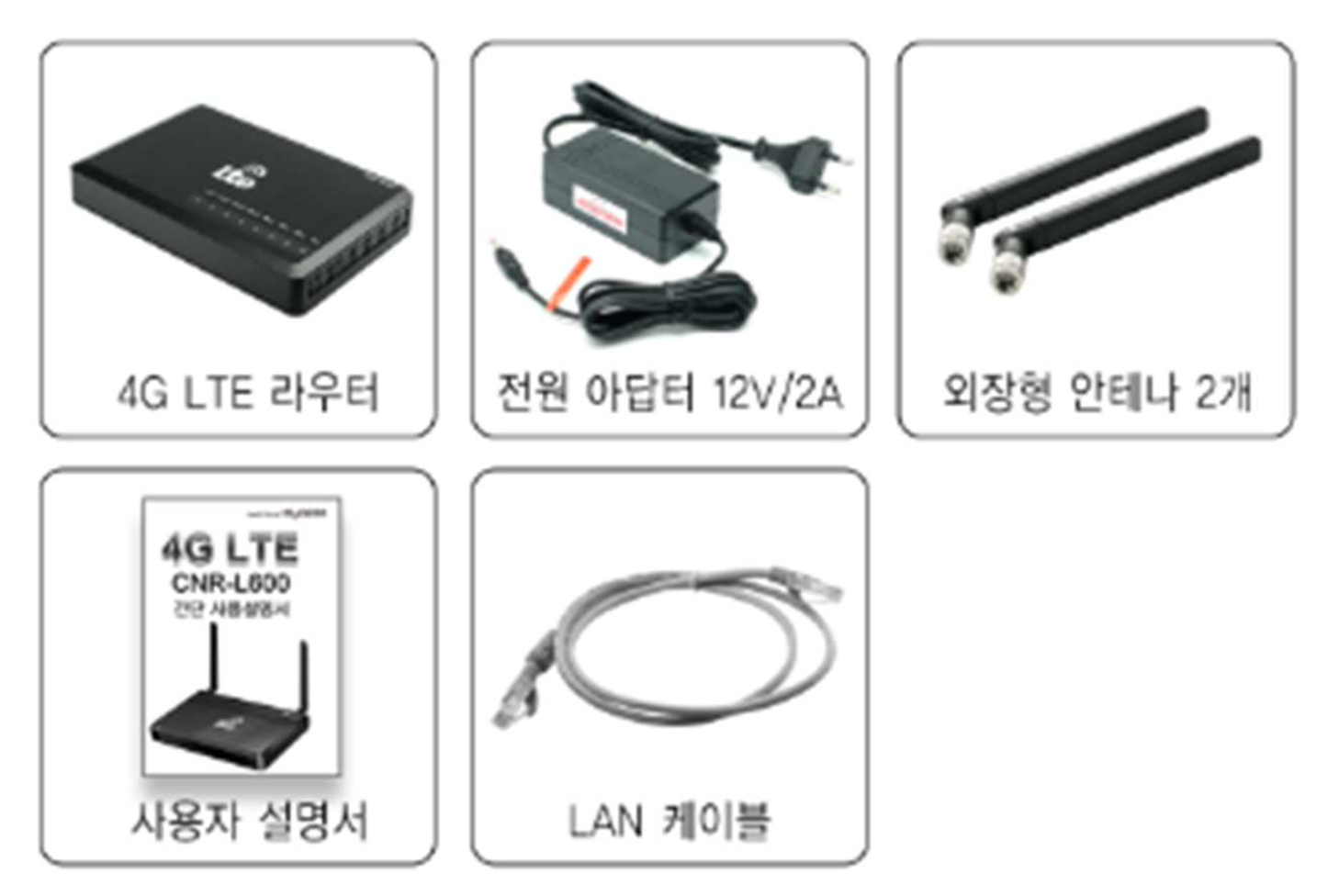 | 제품구성 | Standard Packing | LTE Router, Power Adaptor, Ethernet Cable, Manual |
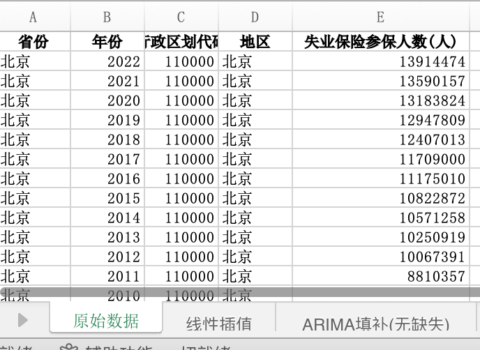 数据格式:Excel数据文件包含原始数据(由于多年度指标不同存在缺失值)、线性插值、ARIMA填补(无缺失)三个版本,提供您参考使用。其中,ARIMA填补无缺失值。
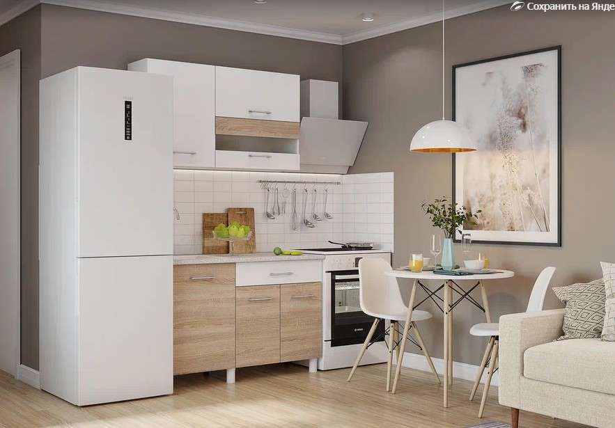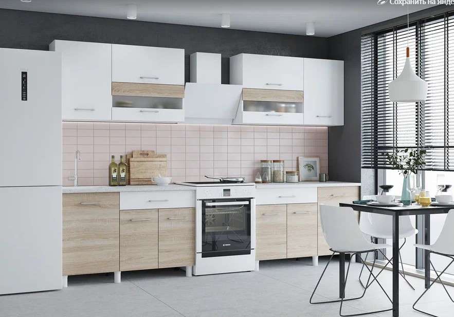 Объединяя два набора, размер кухни можно увеличивать, пример кухни 2,4м представлен на фото.
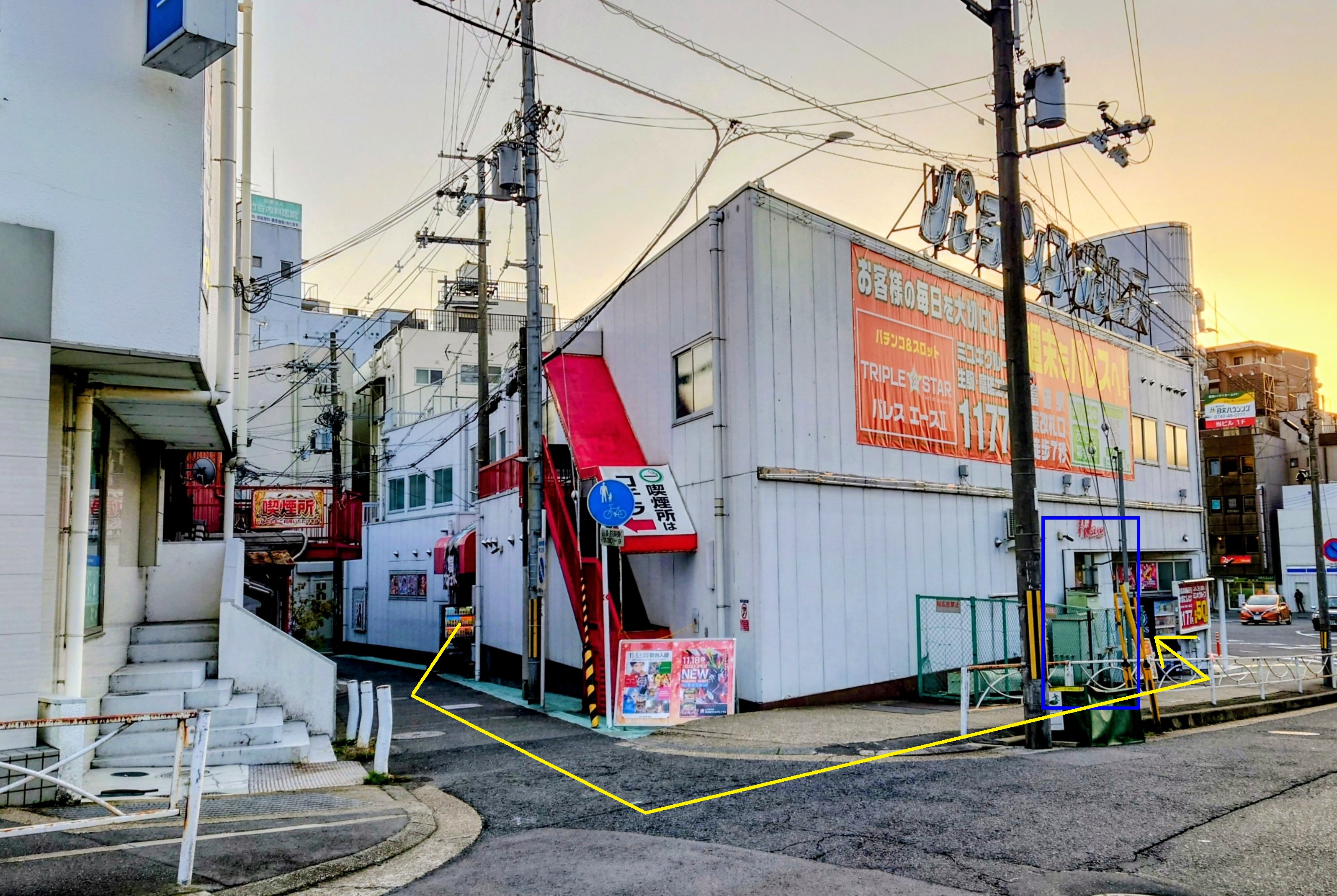 店内景品カウンターを正面に見て、右手すぐにある出入り口から外へ出る。
::::::::::
◆ Directions:
Skip the pictures and copy exactly the lines from the one containing "数据格式:Excel数据文件" through the end of the material, both ends included.

◆ The completed task:
 数据格式:Excel数据文件包含原始数据(由于多年度指标不同存在缺失值)、线性插值、ARIMA填补(无缺失)三个版本,提供您参考使用。其中,ARIMA填补无缺失值。
 Объединяя два набора, размер кухни можно увеличивать, пример кухни 2,4м представлен на фото.
 店内景品カウンターを正面に見て、右手すぐにある出入り口から外へ出る。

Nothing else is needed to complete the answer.